● **PROBLEM REQUIREMENTS**: Below are the entries; transcribe them exactly and drop every picture.

[Data entries]
--- START ---

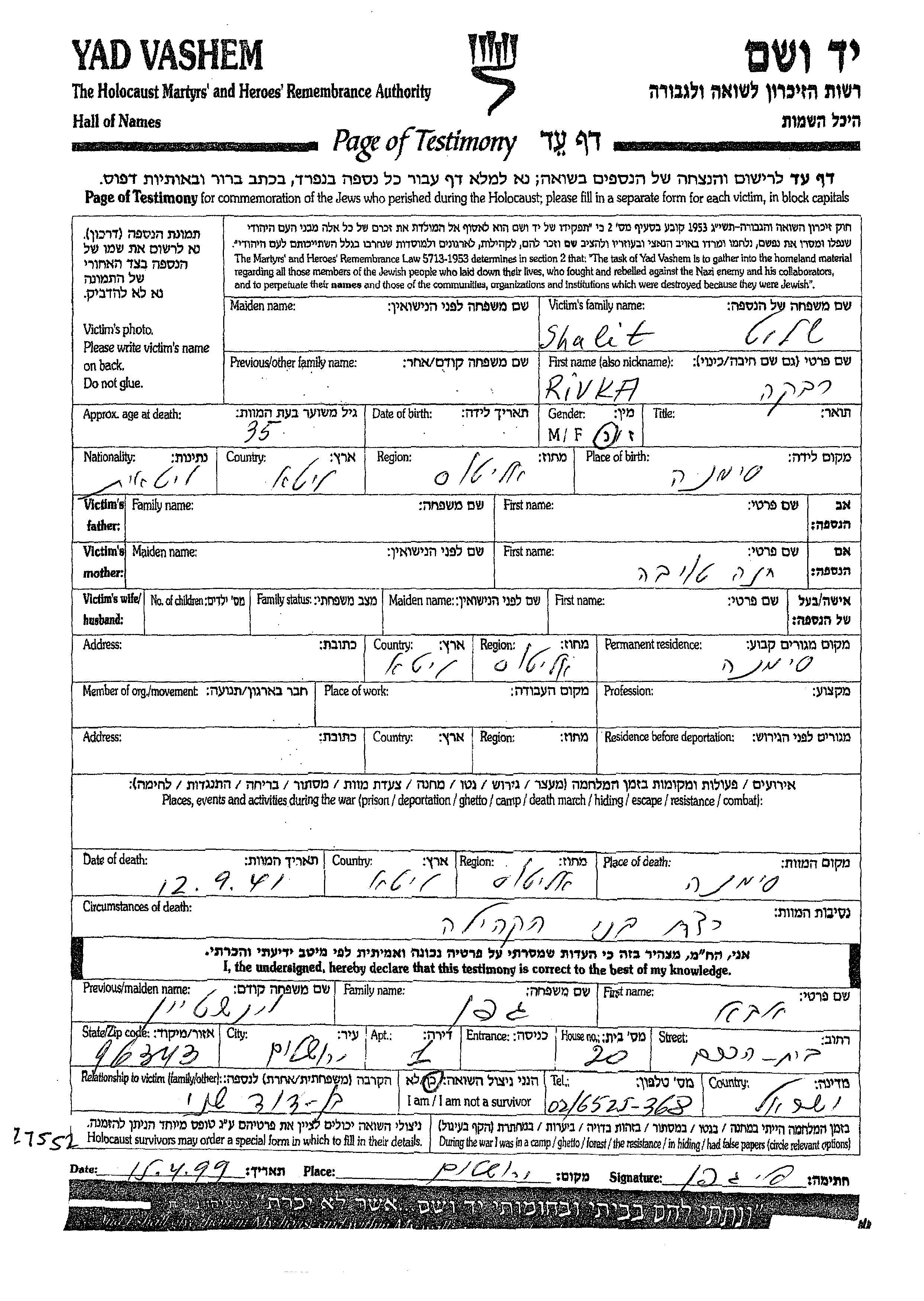 Rivka wurde in der Schoah ermordet. Todesort: Simna, Litauen im Jahr 12/09/1941.
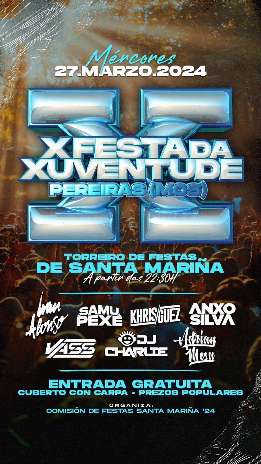 Así, este miércoles 27 de marzo, previo al jueves y viernes santo, la parroquia de Mos dedicará una noche entera a los jóvenes (y los que no lo son tanto) con su X Festa da Xuventude, donde siete DJ’s ofrecerán sus actuaciones a lo largo de la noche en torreiro de Santa Mariña de Pereiras. A partir de las 22:30 horas los artistas Iván Alonso, Samu Pexe, Khris Guez, Anxo Silva, Vass, DJ Charlie y Adrián Mesu brindarán sus mejores sesiones a los que se acerquen al recinto, que estará cubierto por una carpa, según informa la comisión.
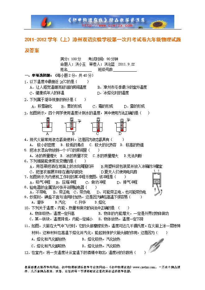 安徽省胜泉中学2011年八年级第一学期物理第一次月考试题及答案(沪科版)
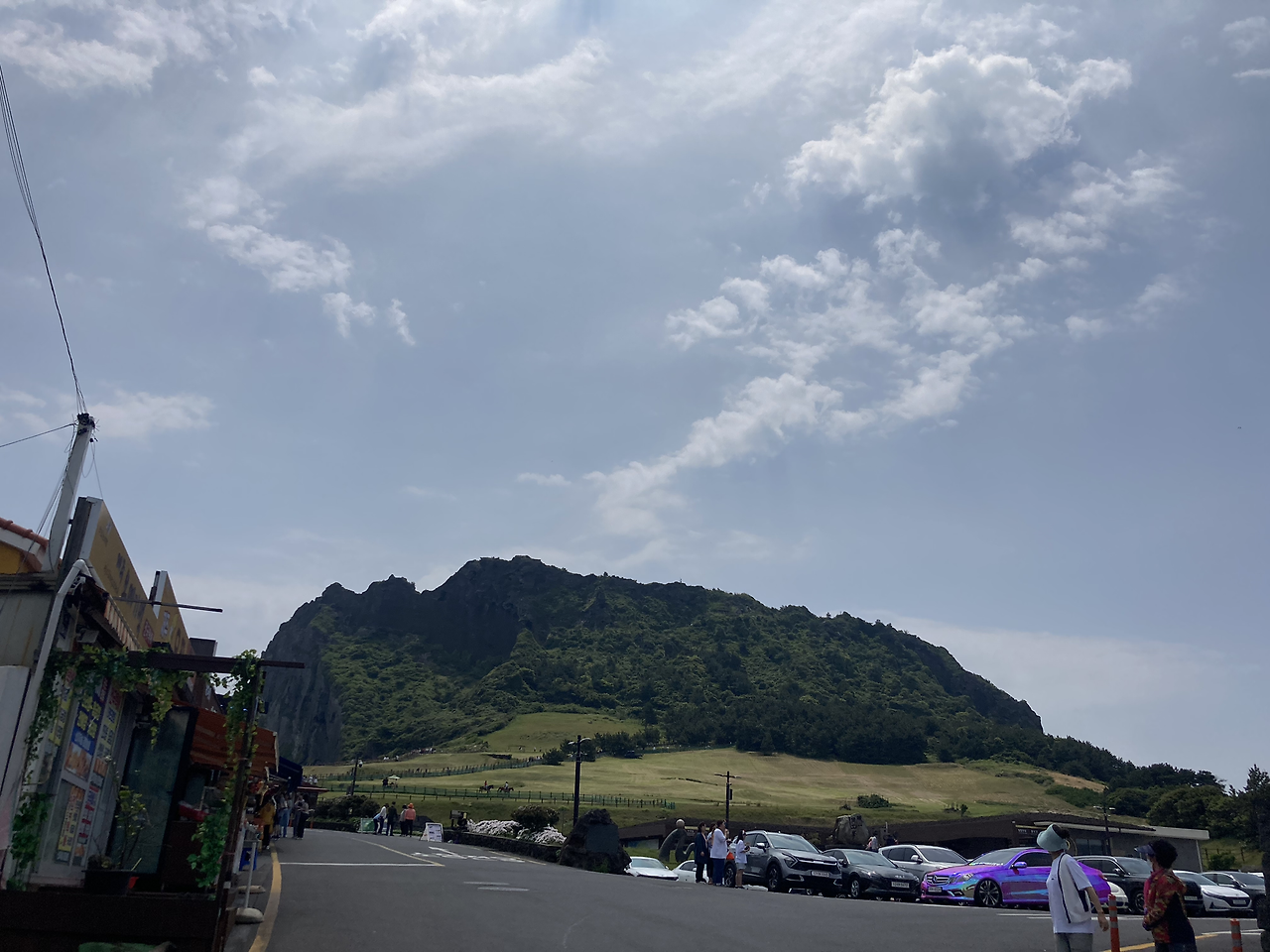 성산일출봉을 바라본다. 그런데 1시간이나 걸려서 등반을 하는 동안 이미 충분히 성산일출봉을 음미해서 그런지 엄청 감회가 새롭다거나 그러지는 않았다. 그래도 아직 에어컨을 키는 곳이 없는데, 1층은 에어컨을 켜져서 땀을 식히고, 배를 채우며, 배차시간을 보며 이동했다. 머리가 핑한다. 왜지?
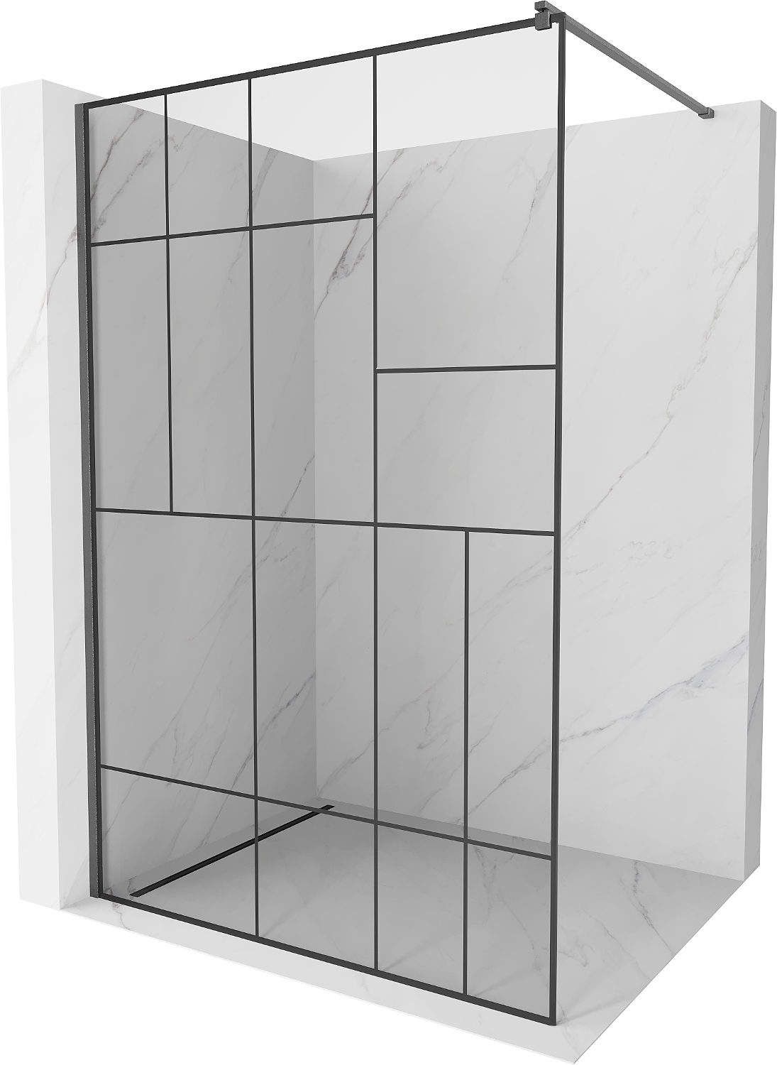 Mexen Kioto pršna stena Walk-in 130 x 200 cm, črni vzorec 8 mm, brušena pištolsko siva - 800-130-101-66-78
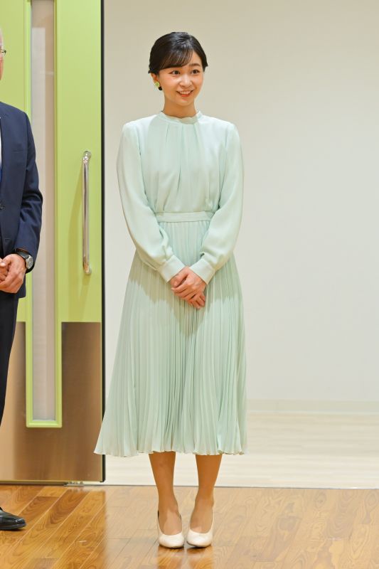 佳子さまがお召しになったものが即日完売する”佳子さま売れ”現象が起きるほど、佳子さまの装いは話題になるが、この日、佳子さまがお召しになったのは、ミントグリーンが爽やかな印象を与えるワンピース。ほんのり透けているような感じがある柔らかい素材で上半身はふんわり、スカート部分は細かいプリーツ(折りひだ)がシャープで華やかな印象を与える。
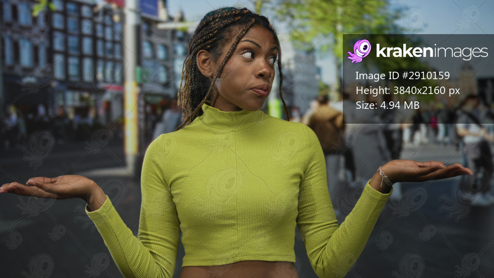 Woman shrugging with palms up wearing lime green crop top showing bare stomach on busy street amid pedestrians; uncertainty doubt.
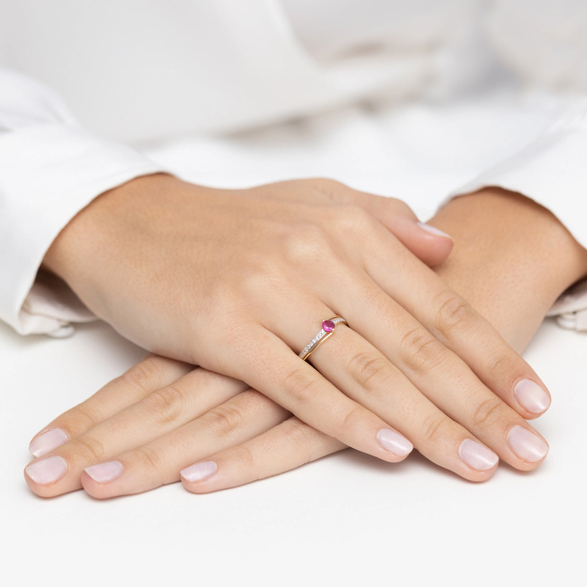 Goldring mit roten Zirkonwellen. Handgefertigt in der traditionellen Gremari-Schmuckwerkstatt, ist dieser Goldring aus 14 Karat Gold mit 585er Punze ein charmantes, zartes Accessoire, das die Schönheit Ihrer Hände betont. Das dezente Design macht diesen Goldring zur perfekten Ergänzung für anderen Schmuck wie Diamantringe und Goldarmbänder. Ein Goldring ist die Essenz von Eleganz und Klasse. Er ist ein vielseitiges Accessoire, das Sie täglich und zu besonderen Anlässen tragen können. Hergestellt aus Gold höchster Qualität, beeindruckt er mit zeitlosem Glanz und Langlebigkeit. Er ist die perfekte Art, Ihren Stil zu unterstreichen und jedem Outfit einen Hauch von Luxus zu verleihen. Zirkonsteine werden unter Laborbedingungen hergestellt, und ihre hohe Härte sowie ausgezeichneten optischen Eigenschaften machen sie zu einer der besten Diamant-Imitationen auf dem Schmuckmarkt. Ihre außergewöhnliche Fähigkeit, Licht zu brechen, lässt sie bei jeder Bewegung spektakulär funkeln. Der Gremari-Goldring wird in einer eleganten Schachtel verpackt, die sich ideal als Geschenk eignet. Er wird mit einem Schmuckanhänger geliefert, der die Feinheit, das Gewicht und das Metallzeichen zeigt – selbst wenn es ein Last-Minute-Geschenk ist, sind Sie bestens ausgestattet!
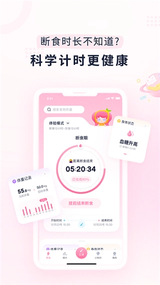 可以自主记录个人的体重、热量摄入以及断食时长等信息。
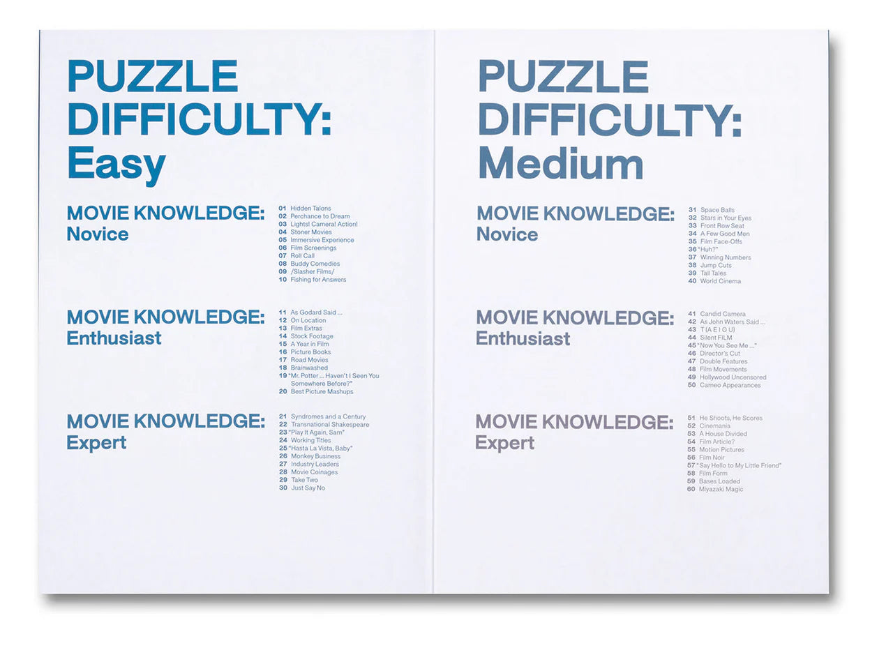 Edited by film writer and longtime puzzle constructor Anna Shechtman, 99 Movie Crosswords progresses from easy to hard across both puzzle difficulty and movie IQ, with themes ranging from stoner movies to Soviet cinema.

--- END ---

● **OUTPUT BELOW**:
 Rivka wurde in der Schoah ermordet. Todesort: Simna, Litauen im Jahr 12/09/1941.
 Así, este miércoles 27 de marzo, previo al jueves y viernes santo, la parroquia de Mos dedicará una noche entera a los jóvenes (y los que no lo son tanto) con su X Festa da Xuventude, donde siete DJ’s ofrecerán sus actuaciones a lo largo de la noche en torreiro de Santa Mariña de Pereiras. A partir de las 22:30 horas los artistas Iván Alonso, Samu Pexe, Khris Guez, Anxo Silva, Vass, DJ Charlie y Adrián Mesu brindarán sus mejores sesiones a los que se acerquen al recinto, que estará cubierto por una carpa, según informa la comisión.
 安徽省胜泉中学2011年八年级第一学期物理第一次月考试题及答案(沪科版)
 성산일출봉을 바라본다. 그런데 1시간이나 걸려서 등반을 하는 동안 이미 충분히 성산일출봉을 음미해서 그런지 엄청 감회가 새롭다거나 그러지는 않았다. 그래도 아직 에어컨을 키는 곳이 없는데, 1층은 에어컨을 켜져서 땀을 식히고, 배를 채우며, 배차시간을 보며 이동했다. 머리가 핑한다. 왜지?
 Mexen Kioto pršna stena Walk-in 130 x 200 cm, črni vzorec 8 mm, brušena pištolsko siva - 800-130-101-66-78
 佳子さまがお召しになったものが即日完売する”佳子さま売れ”現象が起きるほど、佳子さまの装いは話題になるが、この日、佳子さまがお召しになったのは、ミントグリーンが爽やかな印象を与えるワンピース。ほんのり透けているような感じがある柔らかい素材で上半身はふんわり、スカート部分は細かいプリーツ(折りひだ)がシャープで華やかな印象を与える。
 Woman shrugging with palms up wearing lime green crop top showing bare stomach on busy street amid pedestrians; uncertainty doubt.
 Goldring mit roten Zirkonwellen. Handgefertigt in der traditionellen Gremari-Schmuckwerkstatt, ist dieser Goldring aus 14 Karat Gold mit 585er Punze ein charmantes, zartes Accessoire, das die Schönheit Ihrer Hände betont. Das dezente Design macht diesen Goldring zur perfekten Ergänzung für anderen Schmuck wie Diamantringe und Goldarmbänder. Ein Goldring ist die Essenz von Eleganz und Klasse. Er ist ein vielseitiges Accessoire, das Sie täglich und zu besonderen Anlässen tragen können. Hergestellt aus Gold höchster Qualität, beeindruckt er mit zeitlosem Glanz und Langlebigkeit. Er ist die perfekte Art, Ihren Stil zu unterstreichen und jedem Outfit einen Hauch von Luxus zu verleihen. Zirkonsteine werden unter Laborbedingungen hergestellt, und ihre hohe Härte sowie ausgezeichneten optischen Eigenschaften machen sie zu einer der besten Diamant-Imitationen auf dem Schmuckmarkt. Ihre außergewöhnliche Fähigkeit, Licht zu brechen, lässt sie bei jeder Bewegung spektakulär funkeln. Der Gremari-Goldring wird in einer eleganten Schachtel verpackt, die sich ideal als Geschenk eignet. Er wird mit einem Schmuckanhänger geliefert, der die Feinheit, das Gewicht und das Metallzeichen zeigt – selbst wenn es ein Last-Minute-Geschenk ist, sind Sie bestens ausgestattet!
 可以自主记录个人的体重、热量摄入以及断食时长等信息。
 Edited by film writer and longtime puzzle constructor Anna Shechtman, 99 Movie Crosswords progresses from easy to hard across both puzzle difficulty and movie IQ, with themes ranging from stoner movies to Soviet cinema.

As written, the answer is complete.